MapReduce Example: Reduce Side Join in Hadoop MapReduce

Introduction:

In this blog, I am going to explain you how a reduce side join is performed in Hadoop MapReduce using a MapReduce example. Here, I am assuming that you are already familiar with MapReduce framework and know how to write a basic MapReduce program. In case you don’t, I would suggest you to go through my previous blog on MapReduce Tutorial so that you can grasp the concepts discussed here without facing any difficulties. The topics discussed in this blog are as follows:

What is a Join?
Joins in MapReduce
What is a Reduce side join?
MapReduce Example on Reduce side join
Conclusion

What is a Join?

The join operation is used to combine two or more database tables based on foreign keys. In general, companies maintain separate tables for the customer and the transaction records in their database. And, many times these companies need to generate analytic reports using the data present in such separate tables. Therefore, they perform a join operation on these separate tables using a common column (foreign key), like customer id, etc., to generate a combined table. Then, they analyze this combined table to get the desired analytic reports.

Joins in MapReduce

Just like SQL join, we can also perform join operations in MapReduce on different data sets. There are two types of join operations in MapReduce:

Map Side Join: As the name implies, the join operation is performed in the map phase itself. Therefore, in the map side join, the mapper performs the join and it is mandatory that the input to each map is partitioned and sorted according to the keys.

The map side join has been covered in a separate blog with an example. Click Here to go through that blog to understand how the map side join works and what are its advantages.

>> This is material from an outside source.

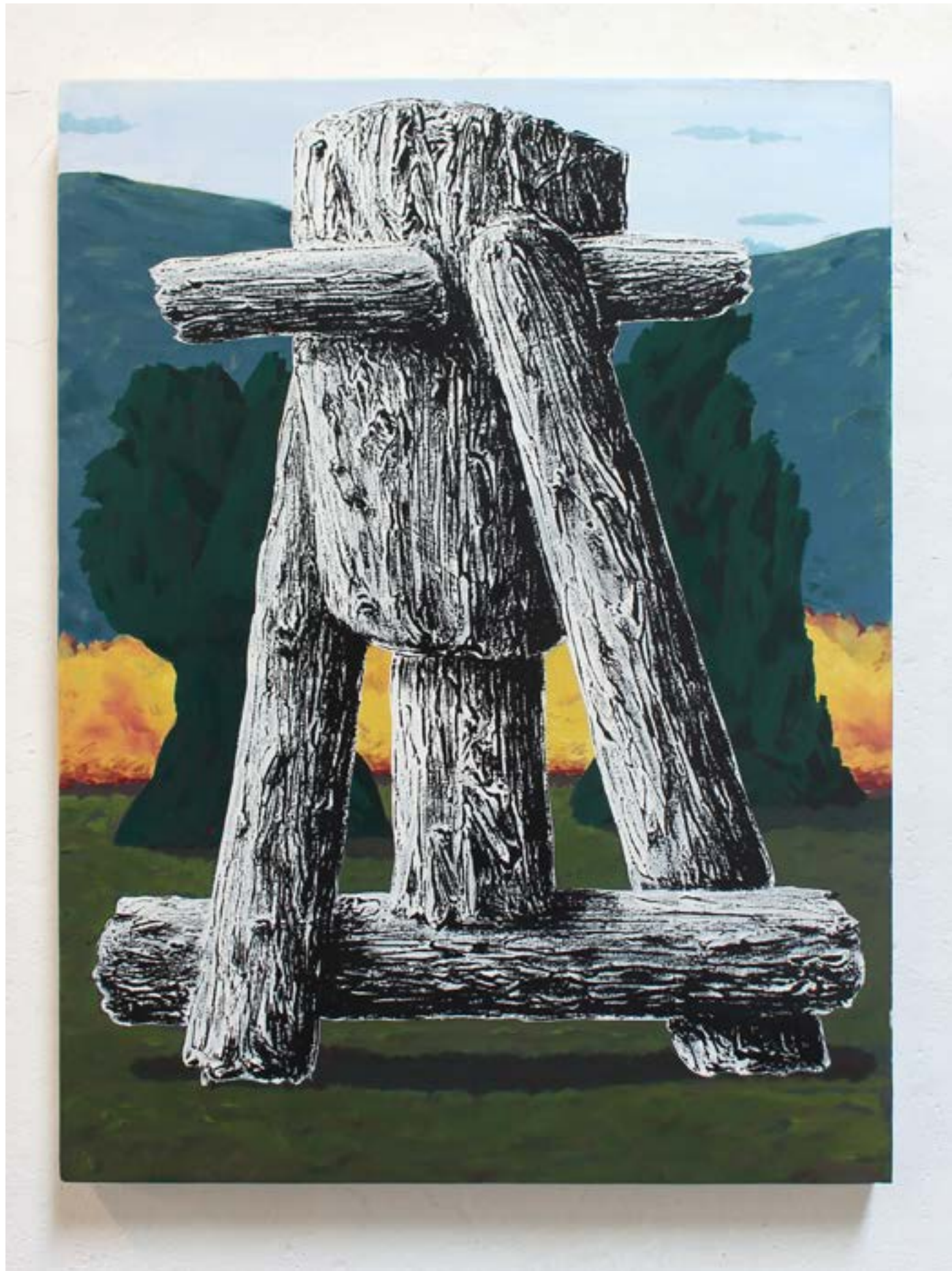
Demain, le toit , 2021 acrylique et huile sur toile, 61,5x45cm

Reduce Side Join: As the name suggests, in the reduce side join, the reducer is responsible for performing the join operation. It is comparatively simple and easier to implement than the map side join as the sorting and shuffling phase sends the values having identical keys to the same reducer and therefore, by default, the data is organized for us.

Now, let us understand the reduce side join in detail.

What is Reduce Side Join?

Reduce Side Join - MapReduce Example: Reduce Side Join - Edureka

As discussed earlier, the reduce side join is a process where the join operation is performed in the reducer phase. Basically, the reduce side join takes place in the following manner:

Mapper reads the input data which are to be combined based on common column or join key.
The mapper processes the input and adds a tag to the input to distinguish the input belonging from different sources or data sets or databases.
The mapper outputs the intermediate key-value pair where the key is nothing but the join key.
After the sorting and shuffling phase, a key and the list of values is generated for the reducer.
Now, the reducer joins the values present in the list with the key to give the final aggregated output.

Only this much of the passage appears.